"""
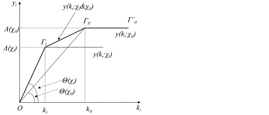 Figure 2 describes the production functions in equilibrium with the two thresholds, and . When , we have the Leontief production function, represented as , in which the optimal output/capital ratio and output per capita are represented as and , respectively. When , mechanization begins. The Leontief production function slides northeasterly, which is represented as in the periods of . Depending on the capital/labor ratio of a firm, the firm gradually adopts the new mechanized technique. The process of mechanization, which shows the transition from the old technique, , to the new mechanized technique, , appears on the line between and . Finally, when , we have the Leontief production function, represented as , in which the optimal output/capital ratio and output per capita are represented as and , respectively.
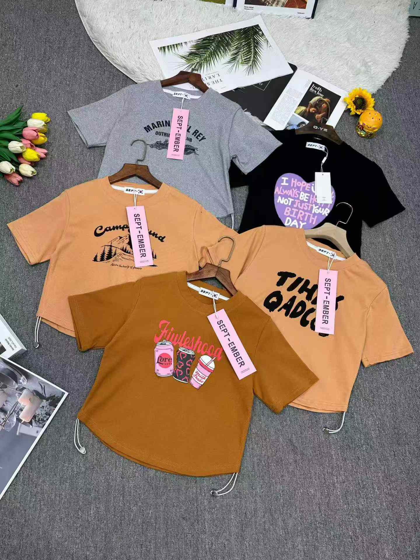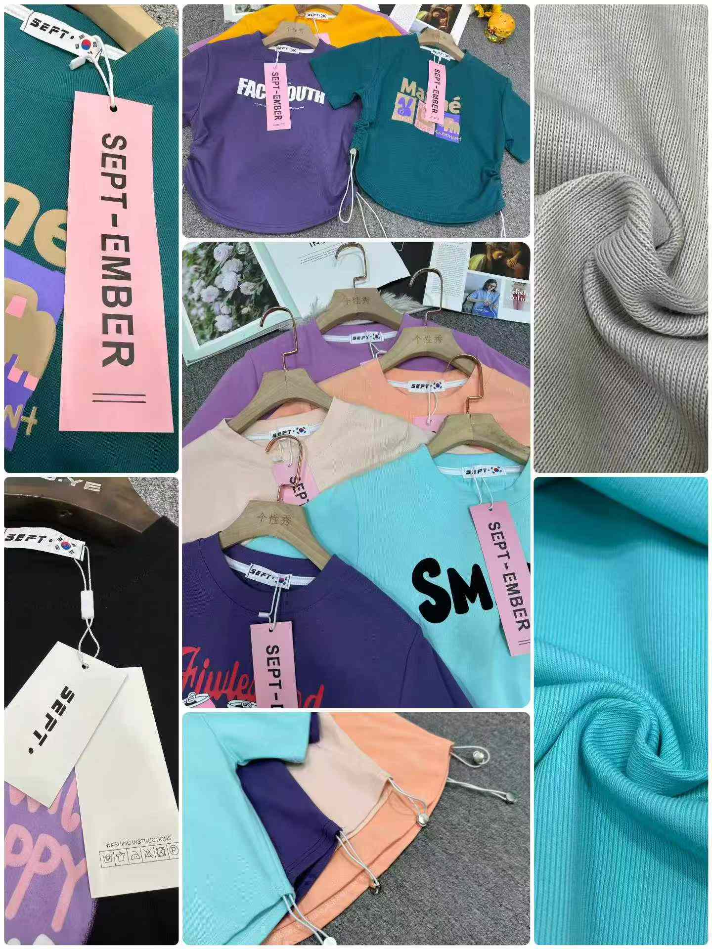 Total 3000 pieces available from Guangzhou Shisanhang fashion market. These are women’s trendy cropped drawstring cotton T-shirts, fit 45kg-65kg, with soft elastic fabric, individual packing and hang tags.
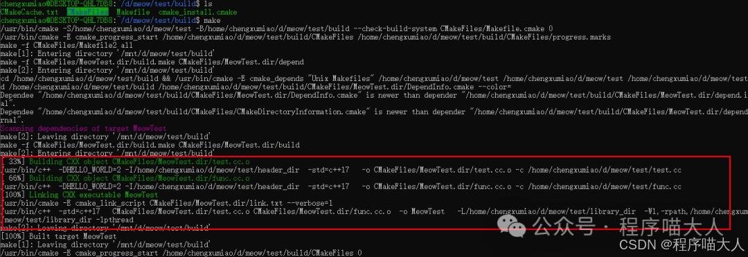 因为我打开了VERBOSE,所以这里可以看到详细的命令信息,你也完全可以复制上面的命令来执行,也可以生成可执行程序的。
"""
> **ASSIGNMENT**
Please write every line above out exactly as given, except for any pictures.

> **SOLUTION**
 Figure 2 describes the production functions in equilibrium with the two thresholds, and . When , we have the Leontief production function, represented as , in which the optimal output/capital ratio and output per capita are represented as and , respectively. When , mechanization begins. The Leontief production function slides northeasterly, which is represented as in the periods of . Depending on the capital/labor ratio of a firm, the firm gradually adopts the new mechanized technique. The process of mechanization, which shows the transition from the old technique, , to the new mechanized technique, , appears on the line between and . Finally, when , we have the Leontief production function, represented as , in which the optimal output/capital ratio and output per capita are represented as and , respectively.
 Total 3000 pieces available from Guangzhou Shisanhang fashion market. These are women’s trendy cropped drawstring cotton T-shirts, fit 45kg-65kg, with soft elastic fabric, individual packing and hang tags.
 因为我打开了VERBOSE,所以这里可以看到详细的命令信息,你也完全可以复制上面的命令来执行,也可以生成可执行程序的。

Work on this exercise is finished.